=== Exercise objective ===
Because the entries hold pictures, reproduce only their words, exactly as written.
[Information given — start]
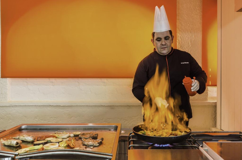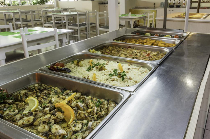 La Sergios oaspeții au la dispoziție un restaurant care servește mâncare în stil bufet. Preparate din bucătăria locală și internațională așteaptă să fie degustate în fiecare zi. Masa poate fi servită atât în interior, cît si în aer liber, pe terasă, în funcție de vreme. 2 baruri, dintre care unul la piscină, sunt disponibile cu o ofertă variată de băuturi răcoritoare și alcoolice.
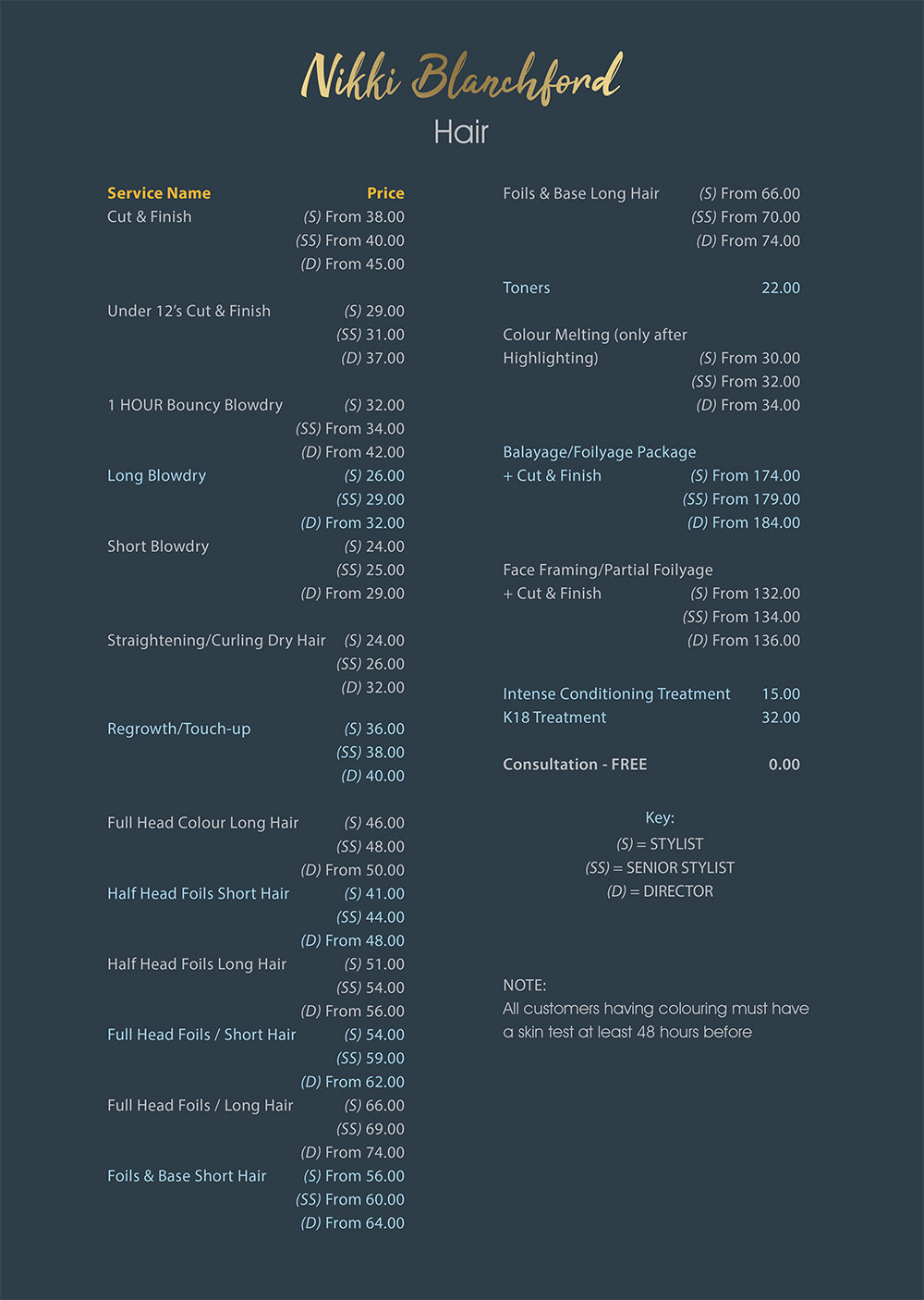 Please book a complimentary consultation if you’re a new guest to the salon or feel like having a change so we can make sure the appropriate time is booked.
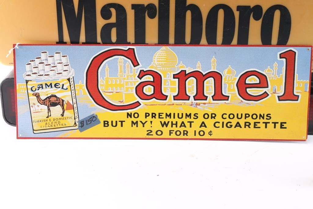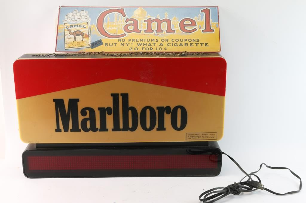 Includes: (1) Marlboro light up sign with scrolling LED. Some cracks and scratches to both panels. (28.5" x 17.5"H). Marlboro sign possibly needs new bulbs or ballast. LED sign works and can be programmed. (1) metal Camel cigarette sign (23.5"W x 7.7"H).
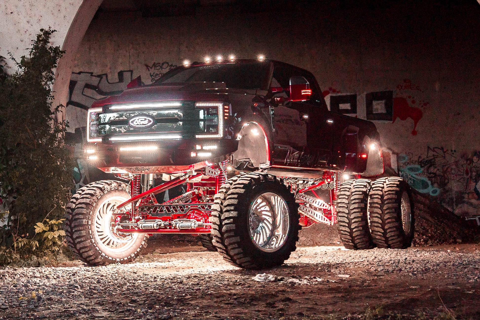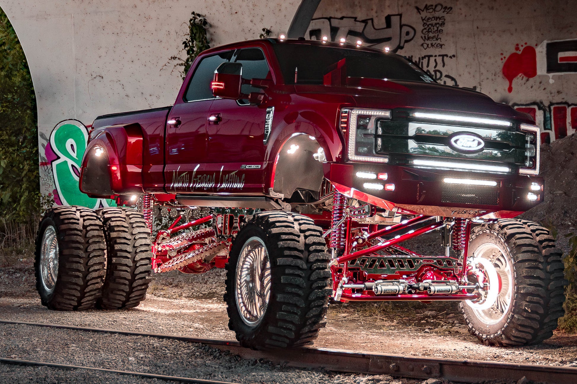 This 2024 F350 Super Duty is on our Papis 18-24 inch Long arm front and rear 4link lift kit with front and rear coil over conversions and front and rear super duty bolt on truss with full heim steering conversion
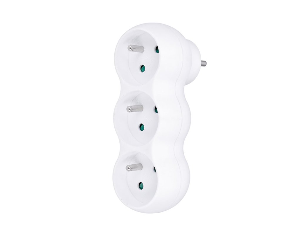 výstup 3 x 10A / 230V vhodná aj do dvojnásobných zásuviek - nezaberá miesto v hornej zásuvke polohovateľná podpera eliminuje nežiaduce výkyvy rozbočky v zásuvke pri manipulácii s káblami dve polohy podpery - nízka a vyššia vzdialenosť od podložky alebo stenynižšiia podpera sa používa pri zapojení do zásuviek v stenevyššia podpera sa používa pri zapojení do predlžovacích prívodov alebo zásuviek v inštalačných lištách detská poistka max. 3680W, max. 16ADodatočné parametre
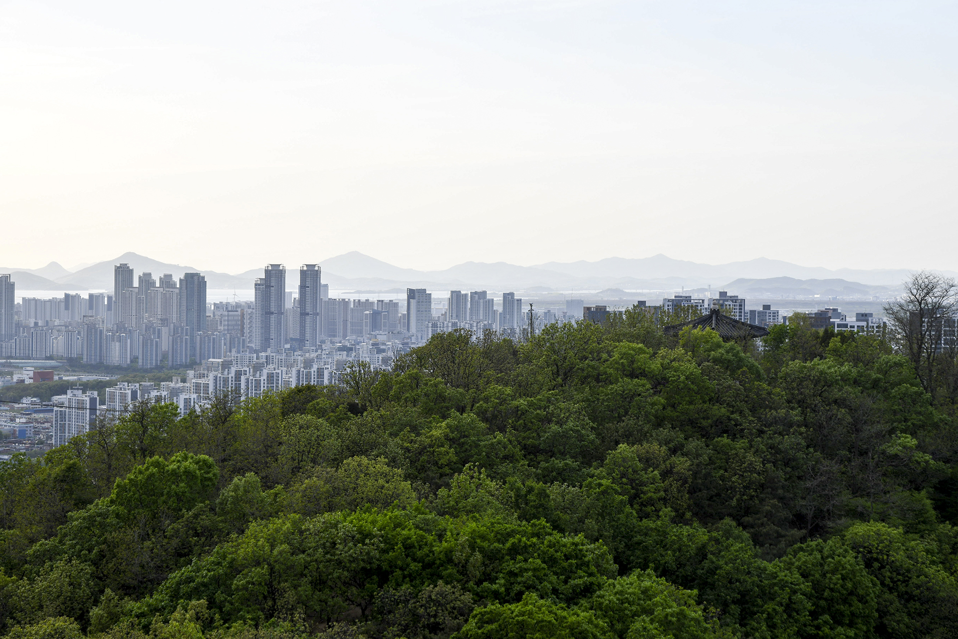 숲에 둘러싸인 원적정과 도심의 높은 건물들이 대비를 이룬다.
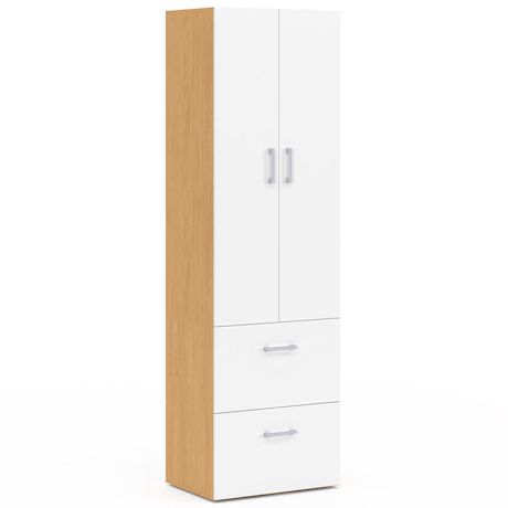 Armoire 2 portes JULIANA blanc et bois penderie 50 cm avec 2 tiroirs
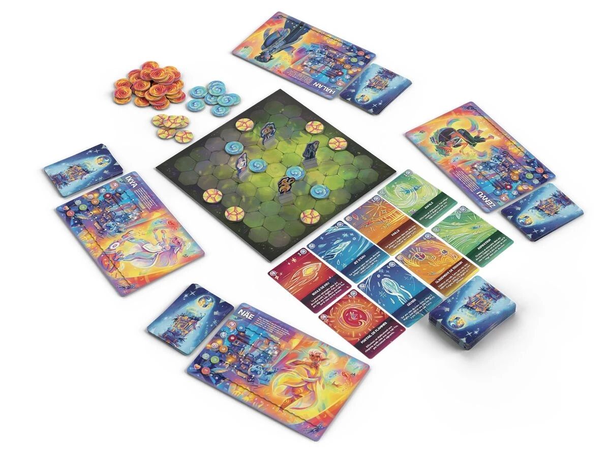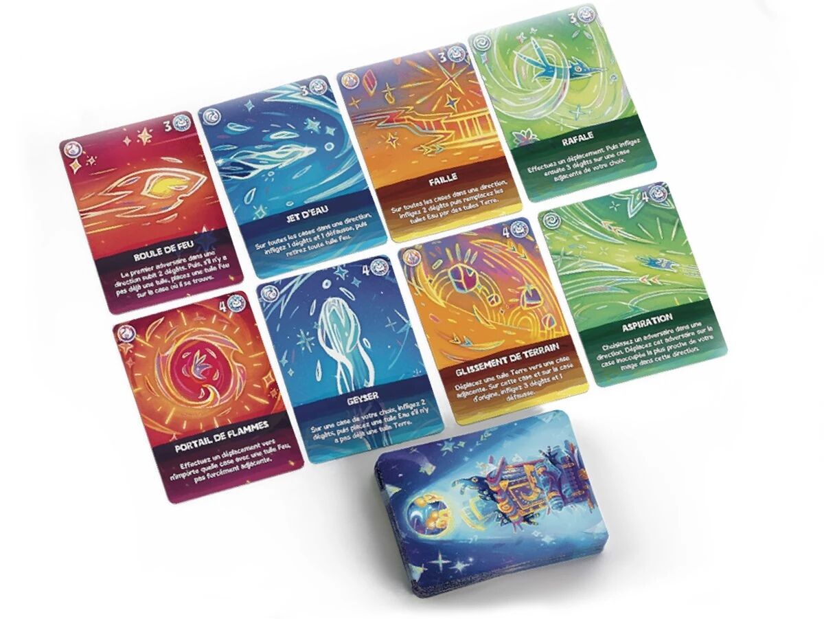 1 plateau de jeu, 4 plateaux mage, 4 figurines, 54 tuiles élémentaires, 20 jetons, 70 cartes de sorts, 4 aides de jeu
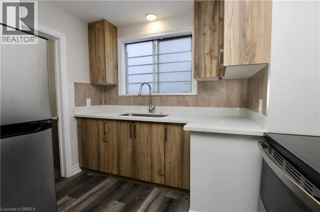 Cross Street: King George Rd Commercial Lease Opportunity in Brantford! Excellent opportunity to lease a versatile commercial bungalow conveniently located close to major amenities, public transit, and highway access. This property offers flexibility for a variety of business uses in a highly accessible Brantford location. The space features 2 rooms/offices, a large open area ideal for a reception or workspace, and a spacious eat-in kitchen that can serve as a staff lunchroom. The full basement provides ample storage and includes laundry facilities for added convenience. With 2 dedicated parking spaces and excellent visibility, this property is perfect for professionals, small business owners, or service-based operations seeking a well-maintained, move-in-ready space. Available immediately â book your private viewing today! (id:27476)
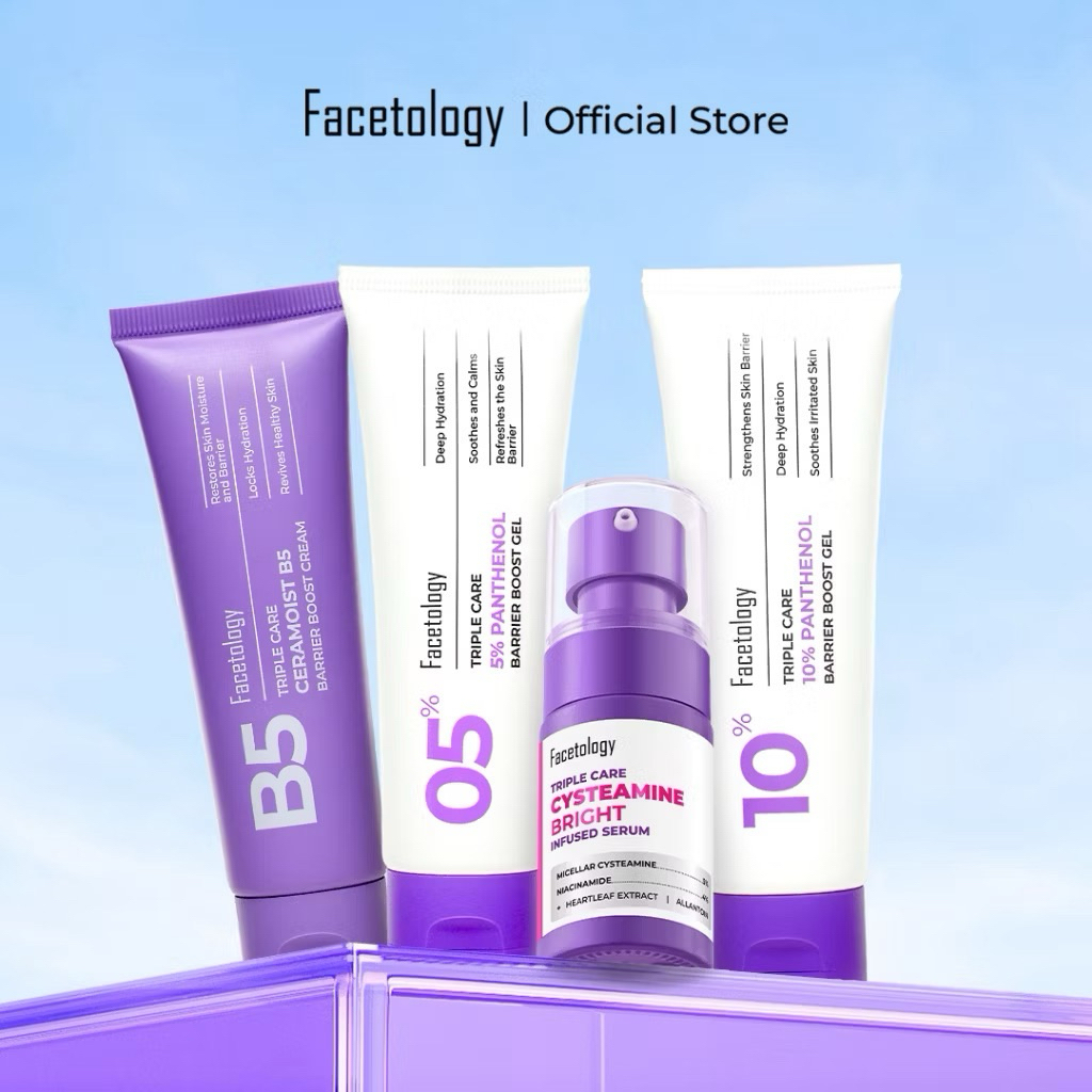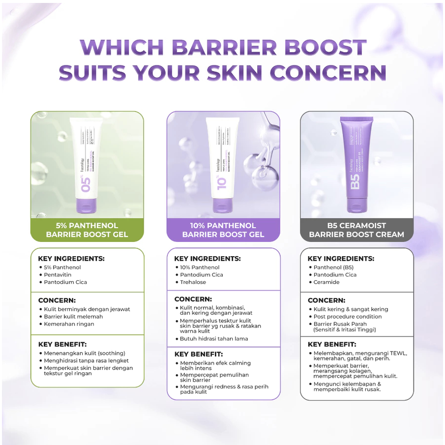 Facetology Panthenol Barrier Boost Moisturizer Series 5% | 10% Pelembap Skin Barrier Semua Jenis Kulit Redakan Kemerahan Jerawat Aman Untuk Jerawat , B5 Moisturizer 40ml | Serum Cysteamine Bright Infused 15ml
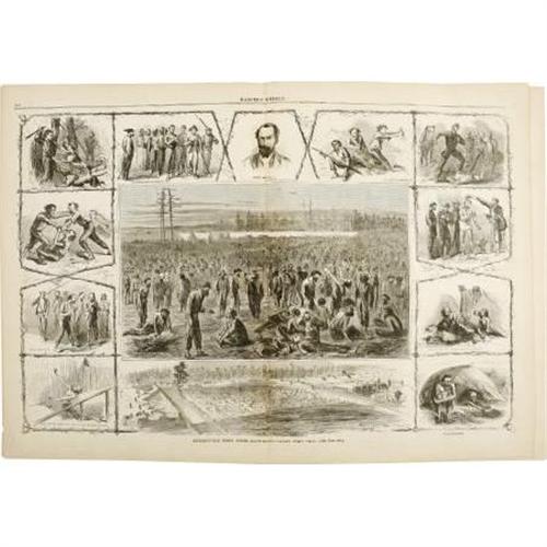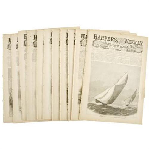 <B>Large Group Lot of Eleven Civil War Era Issues of </B></I><B><I>Harper's Weekly</B></I></B></I> (New York: Harper Brothers, 1865), about 16 pages each, elephant folio (11.5" x 16"), with the typical yellowing and minor chipping to pages due to the high acid content of the paper. Of note is a September 16, 1865 issue with double page engraving of the horrors of Andersonville Prison; a July 29, 1865 issue with engravings of the Fire at Barnum’s Museum; an October 7, 1865 issue with a full page engraving of the Andersonville Cemetery; a June 17 issue with an engraving of the capture of Jefferson Davis; February 4; February 11; February 18; February 25; March 25; April 22; and September 30, 1865 issues. They are, generally, in very good condition.<BR><BR><BR><b>Shipping:</b> Flat Material, Large (<a target="_blank" href="http://www.heritageauctions.com/common/shipping.php">view shipping information</a>)
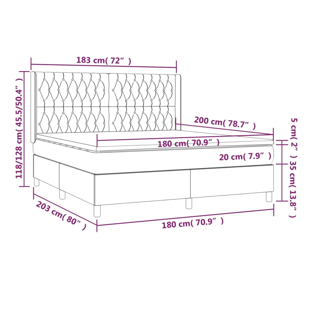 • Dimensions : 180 x 200 x 20 cm (l x L x H)
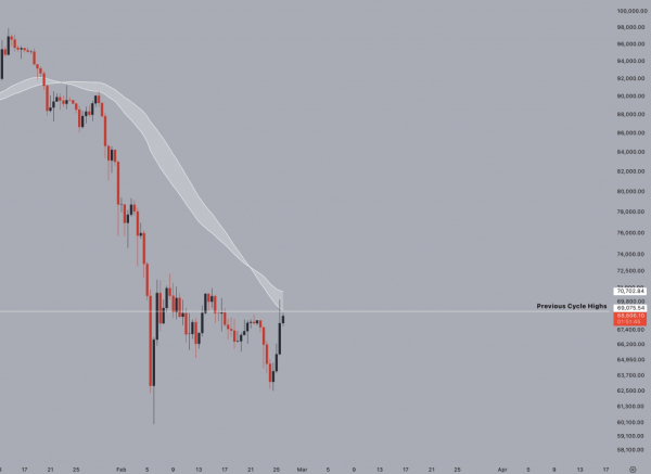 Selon Bitstamp, le Bitcoin est retombé à 67 488 $ le 26 février, en baisse de 1 % sur la journée. La veille, il avait atteint 70 040 $, tentant de reconquérir deux niveaux clés : la moyenne mobile exponentielle (MME) à 200 semaines et son ancien record historique de 2021. Ces deux tentatives ont échoué.
[Information given — finish]
=== Solution to this problem ===
 La Sergios oaspeții au la dispoziție un restaurant care servește mâncare în stil bufet. Preparate din bucătăria locală și internațională așteaptă să fie degustate în fiecare zi. Masa poate fi servită atât în interior, cît si în aer liber, pe terasă, în funcție de vreme. 2 baruri, dintre care unul la piscină, sunt disponibile cu o ofertă variată de băuturi răcoritoare și alcoolice.
 Please book a complimentary consultation if you’re a new guest to the salon or feel like having a change so we can make sure the appropriate time is booked.
 Includes: (1) Marlboro light up sign with scrolling LED. Some cracks and scratches to both panels. (28.5" x 17.5"H). Marlboro sign possibly needs new bulbs or ballast. LED sign works and can be programmed. (1) metal Camel cigarette sign (23.5"W x 7.7"H).
 This 2024 F350 Super Duty is on our Papis 18-24 inch Long arm front and rear 4link lift kit with front and rear coil over conversions and front and rear super duty bolt on truss with full heim steering conversion
 výstup 3 x 10A / 230V vhodná aj do dvojnásobných zásuviek - nezaberá miesto v hornej zásuvke polohovateľná podpera eliminuje nežiaduce výkyvy rozbočky v zásuvke pri manipulácii s káblami dve polohy podpery - nízka a vyššia vzdialenosť od podložky alebo stenynižšiia podpera sa používa pri zapojení do zásuviek v stenevyššia podpera sa používa pri zapojení do predlžovacích prívodov alebo zásuviek v inštalačných lištách detská poistka max. 3680W, max. 16ADodatočné parametre
 숲에 둘러싸인 원적정과 도심의 높은 건물들이 대비를 이룬다.
 Armoire 2 portes JULIANA blanc et bois penderie 50 cm avec 2 tiroirs
 1 plateau de jeu, 4 plateaux mage, 4 figurines, 54 tuiles élémentaires, 20 jetons, 70 cartes de sorts, 4 aides de jeu
 Cross Street: King George Rd Commercial Lease Opportunity in Brantford! Excellent opportunity to lease a versatile commercial bungalow conveniently located close to major amenities, public transit, and highway access. This property offers flexibility for a variety of business uses in a highly accessible Brantford location. The space features 2 rooms/offices, a large open area ideal for a reception or workspace, and a spacious eat-in kitchen that can serve as a staff lunchroom. The full basement provides ample storage and includes laundry facilities for added convenience. With 2 dedicated parking spaces and excellent visibility, this property is perfect for professionals, small business owners, or service-based operations seeking a well-maintained, move-in-ready space. Available immediately â book your private viewing today! (id:27476)
 Facetology Panthenol Barrier Boost Moisturizer Series 5% | 10% Pelembap Skin Barrier Semua Jenis Kulit Redakan Kemerahan Jerawat Aman Untuk Jerawat , B5 Moisturizer 40ml | Serum Cysteamine Bright Infused 15ml
 <B>Large Group Lot of Eleven Civil War Era Issues of </B></I><B><I>Harper's Weekly</B></I></B></I> (New York: Harper Brothers, 1865), about 16 pages each, elephant folio (11.5" x 16"), with the typical yellowing and minor chipping to pages due to the high acid content of the paper. Of note is a September 16, 1865 issue with double page engraving of the horrors of Andersonville Prison; a July 29, 1865 issue with engravings of the Fire at Barnum’s Museum; an October 7, 1865 issue with a full page engraving of the Andersonville Cemetery; a June 17 issue with an engraving of the capture of Jefferson Davis; February 4; February 11; February 18; February 25; March 25; April 22; and September 30, 1865 issues. They are, generally, in very good condition.<BR><BR><BR><b>Shipping:</b> Flat Material, Large (<a target="_blank" href="http://www.heritageauctions.com/common/shipping.php">view shipping information</a>)
 • Dimensions : 180 x 200 x 20 cm (l x L x H)
 Selon Bitstamp, le Bitcoin est retombé à 67 488 $ le 26 février, en baisse de 1 % sur la journée. La veille, il avait atteint 70 040 $, tentant de reconquérir deux niveaux clés : la moyenne mobile exponentielle (MME) à 200 semaines et son ancien record historique de 2021. Ces deux tentatives ont échoué.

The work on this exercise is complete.